33. P. Samvelian Construction impersonnelle Verbes pronominaux Tous les verbes pronominaux moyens peuvent apparaître dans une construction impersonnelle :
a. Beaucoup de fleurs se vendent le dimanche
b. Il se vend beaucoup de fleurs le dimanche
a. des milliers de litres de vin se consomment tous les ans dans ce pays
b. Il se consomme des milliers de litres de vin tous les ans dans de pays
a. Beaucoup de bêtises se disent dans ces réunions
b. Il se dit beaucoup de bêtises dans ces réunions
34. P. Samvelian Construction impersonnelle Verbes pronominaux Certains pronominaux neutres et et certains verbes essentiellement pronominaux peuvent aussi se mettre à la forme impersonnelle, mais ce n’est pas régulier.
Ces verbes étant des intransitifs, On se retrouve dans le même cas qu’avec les verbes intransitifs.
35. P. Samvelian Construction impersonnelle Traitement syntaxique La représentation syntaxique adoptée pour le passif et les pronominaux moyens (cf. Cours 3 et 4) explique pourquoi ces verbes admettent systématiquement la construction impersonnelle.
La position sujet étant vide en D-Structure, on peut soit y déplacer le COD, soit la remplir par un élément postiche, c’est-à-dire le il impersonnel.
Cela nous montre l’intérêt d’une représentation syntaxique plus abstraite qui dépasse le stade d’une simple description et qui cherche à expliquer certains phénomènes a priori mystérieux ou sans lien apparent.
36. P. Samvelian Construction impersonnelle Traitement syntaxique Reste à expliquer la possibilité pour certains verbes intransitifs (i.e. venir, arriver, tomber, …) d’apparaître aussi dans cette construction.
Pour être cohérent, il faudrait considérer que le sujet de ces verbes-là est en réalité un COD en D-Structure.

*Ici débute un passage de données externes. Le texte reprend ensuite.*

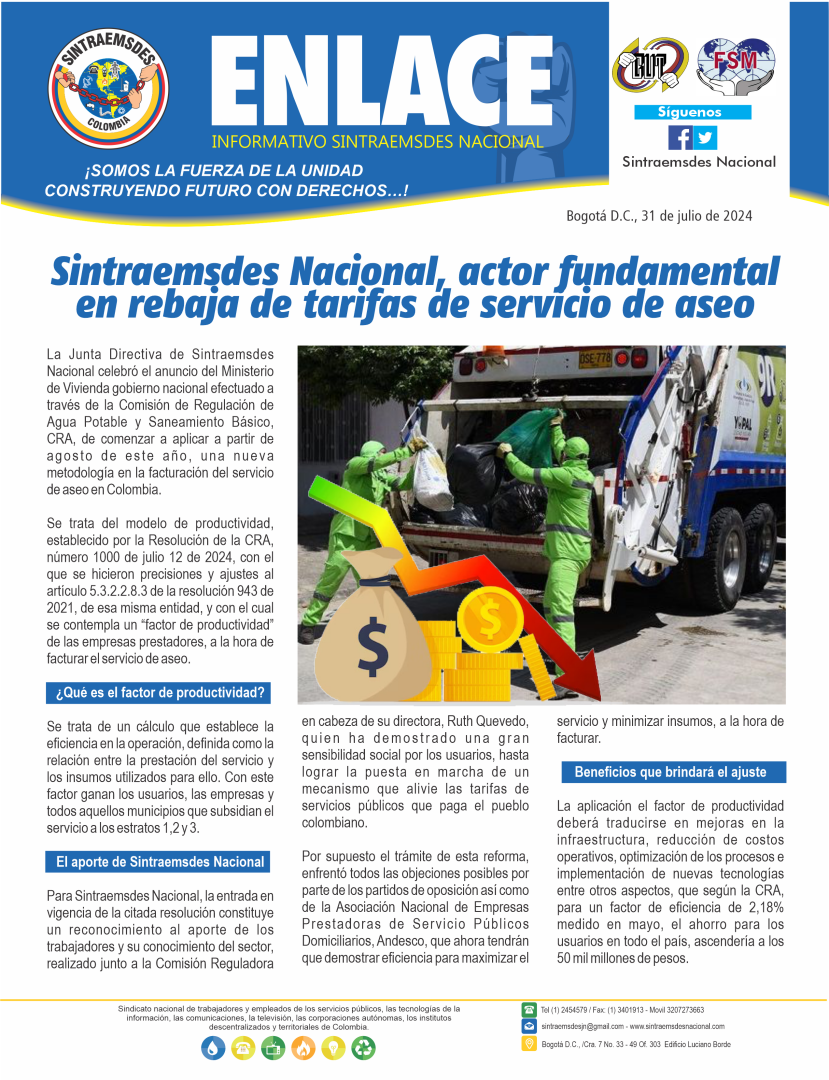 La Junta Directiva de Sintraemsdes Nacional celebró el anuncio del Ministerio de Vivienda gobierno nacional efectuado a través de la Comisión de Regulación de Agua Potable y Saneamiento Básico, CRA, de comenzar a aplicar a partir de agosto de este año, una nueva metodología en la facturación del servicio de aseo en Colombia.
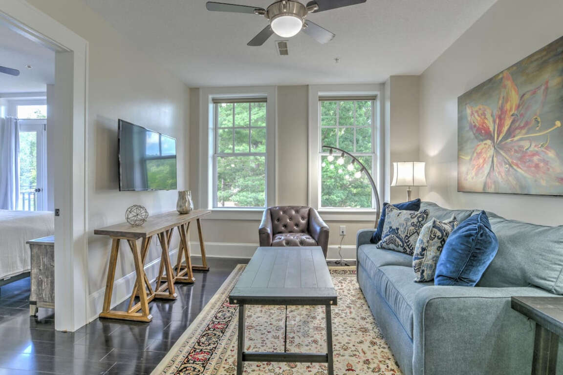 Centrally-located vacation condo nestled within a historic building in Asheville, complete with internet access, air conditioning, TV, and dishwasher. Explore the charm of the local neighborhood.

Soit le COD se déplace vers la position sujet, à cause d’une contrainte générale en français qui veut que tout verbe fini (i.e. fléchi) ait un sujet réalisé.
37. P. Samvelian Construction impersonnelle Traitement syntaxique Soit le COD reste dans sa position initiale, et dans ce cas, la position sujet est remplie par un élément postiche (le il impersonnel).
Il existe des arguments en faveur d’une telle analyse. Toutefois, pour en expliquer tous les détails, il faut recourir à certains concepts que nous n’avons pas encore abordés en cours.
J’évoque donc la possibilité d’une telle analyse sans en démontrer, à ce stade du cours, la pertinence.